De los métodos de espectrometría de masas se optó por emplear ionización MALDI (Matrix- Assisted Laser Desorption/Ionizacion o desorción/ionización láser asistida por matriz) y un analizador de tiempo de vuelo (TOF, Time-Of Flight) en el que los iones se separan en función de su relación masa/carga (m/z) tras ser acelerados en un campo eléctrico, método conocido como MALDI-TOF. Esta metodología es rápida (menos de 1 min para determinar masas moleculares de péptidos), sensible (detecta cantidades inferiores a 1 pmol) y precisa para la

determinación de la masa molecular, lo que permite una rápida identificación de proteínas proveniente de sus fuentes naturales y realizar estudios de las modificaciones postraduccionales (proteólisis, glicosilación, fosforilación y oxidaciones) sufridas por las proteínas. Está técnica combinada con cromatografía de inmunoafinidad ha sido aplicada al mapeo de epitopes, habiéndose desarrollado variantes metodológicas para facilitar este tipo de análisis (Lu et al., 2009; Suckau et al., 1990; Zhao and Chalt, 1994).

En este capítulo hemos aplicado esta metodología para el mapeo de epitopes lineales. Básicamente consiste en hidrolizar la molécula blanco empleando proteasas de distinta especificidad, seguido de una incubación con los anticuerpos (en nuestro caso los mAb-CB) cuyos epitopes específicos se desea mapear.

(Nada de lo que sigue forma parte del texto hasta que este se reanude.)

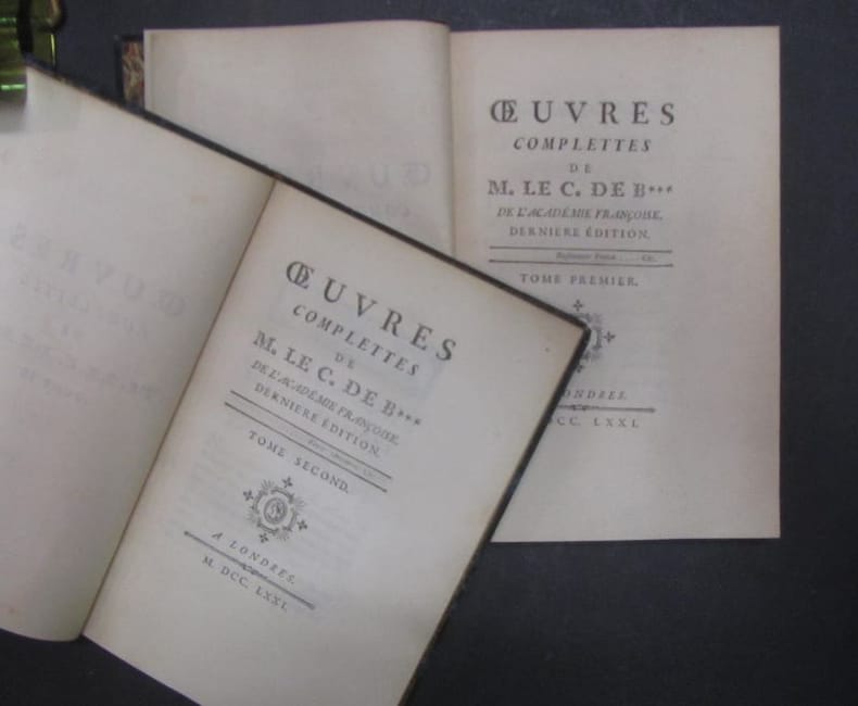 1771 Londres, 1771, 2 volumes petit in 8° reliés demi-basane bleu nuit, dos lisses ornés, 215 et 187 pages ; quelques rousseurs et petits frottis.
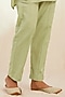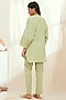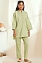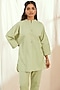 Featuring a green long top in linen base with front opening. It is paired with matching narrow pants.
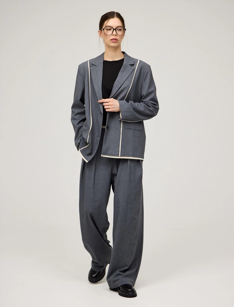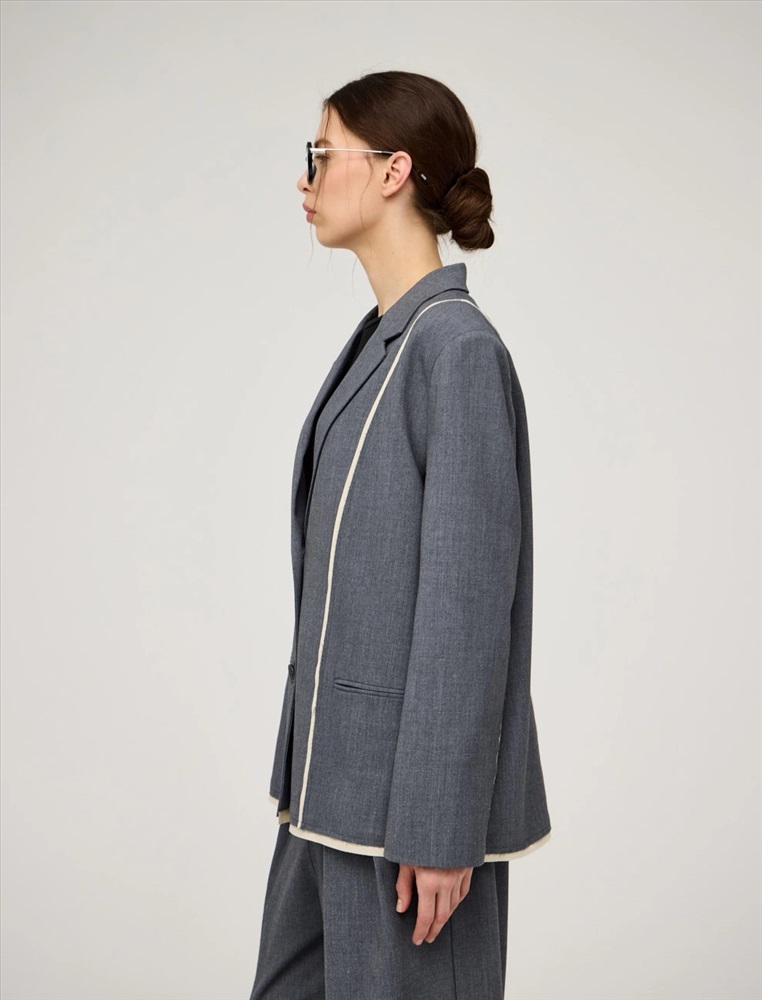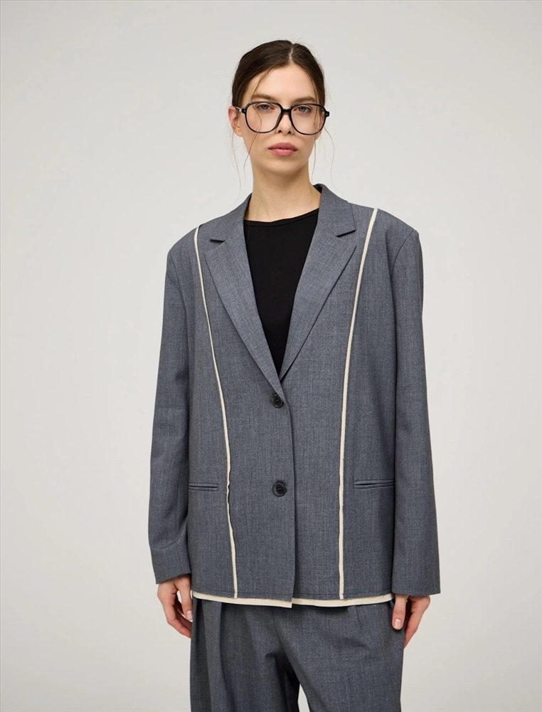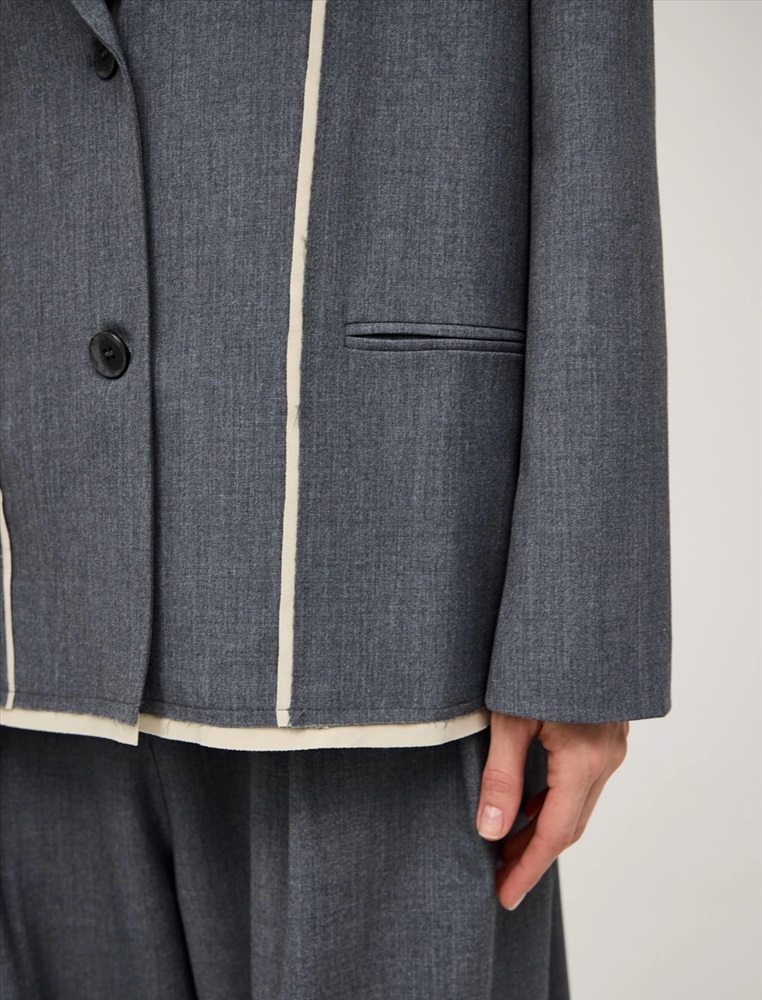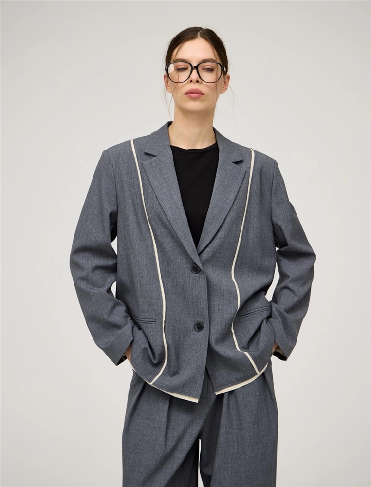 Однобортный жакет прямого силуэта. По передней части изделия — лацканы, застежка на пуговицы и карманы в рамку. Акцентной деталью модели являются контрастные резы с эффектом необработанного края спереди, по рукавам и по низу. Жакет выполнен из хлопка, района, кашемира и спандекса. Представлен в сером цвете.
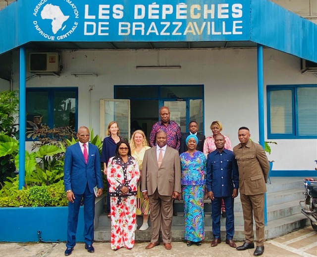 2- Jean Jacques Bouya posant aux côtés de la ministre l’Industrie culturelle du Congo et des responsables des Dépêches de Brazzaville/ Adiac Notification:Non |
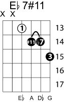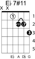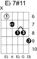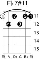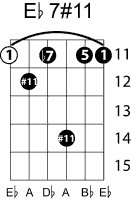 | Symbol: E♭7#11 Alt. symbol: E♭7+11, E♭dom7#11 Name: E flat dominant seventh, sharp eleventh | ![]() | D-1 | A-6 | A-6 | A-6 |
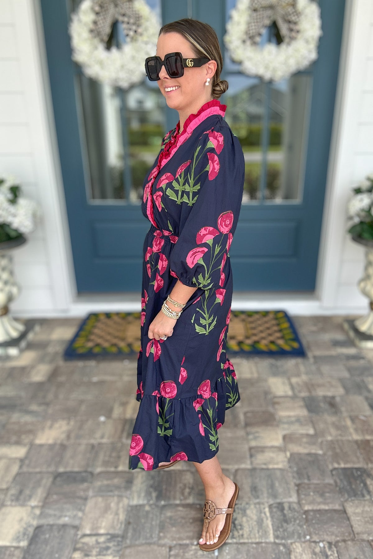 Step into effortless elegance with our Ruffle Bloom Midi Dress. Featuring a navy base adorned with bold pink floral prints, this statement piece is perfect for brunch, vacations, or a chic night out. The relaxed fit, elastic waist, and tiered skirt create a flattering silhouette while the contrasting pink ruffle trim adds a playful pop of detail. Style it with your favorite sandals or dress it up with wedges for a versatile look that transitions seamlessly from day to evening.
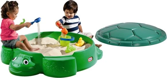 De Little Tikes Schildpad zandbak is een robuuste groene zandbak met deksel. De rand heeft twee brede stukken, waar het kind op kan zitten.

Posteriormente se aíslan los complejos anticuerpo-péptido empleando esferas magnéticas y se analiza la composición de los péptidos capturados por desorción de su complejo a los anticuerpos. La comparación de los péptidos antes y después de la captura inmunoquímica permite la identificación de él o los péptidos reconocidos por el anticuerpo (Koehler et al., 2011; Soriani et al., 2010). Aquí se emplearon los anticuerpos monoclonales específicos de las distintas caseínas bovinas, las caseínas purificadas y una proteína recombinante de soja (Gly m 5.0101). Una vez identificados los epitopes reactivos los resultados de inmunoproteómica fueron complementados con biología computacional estructural para comprender las características estructurales de caseínas bovinas y de las proteínas de soja responsables de la reactividad cruzada.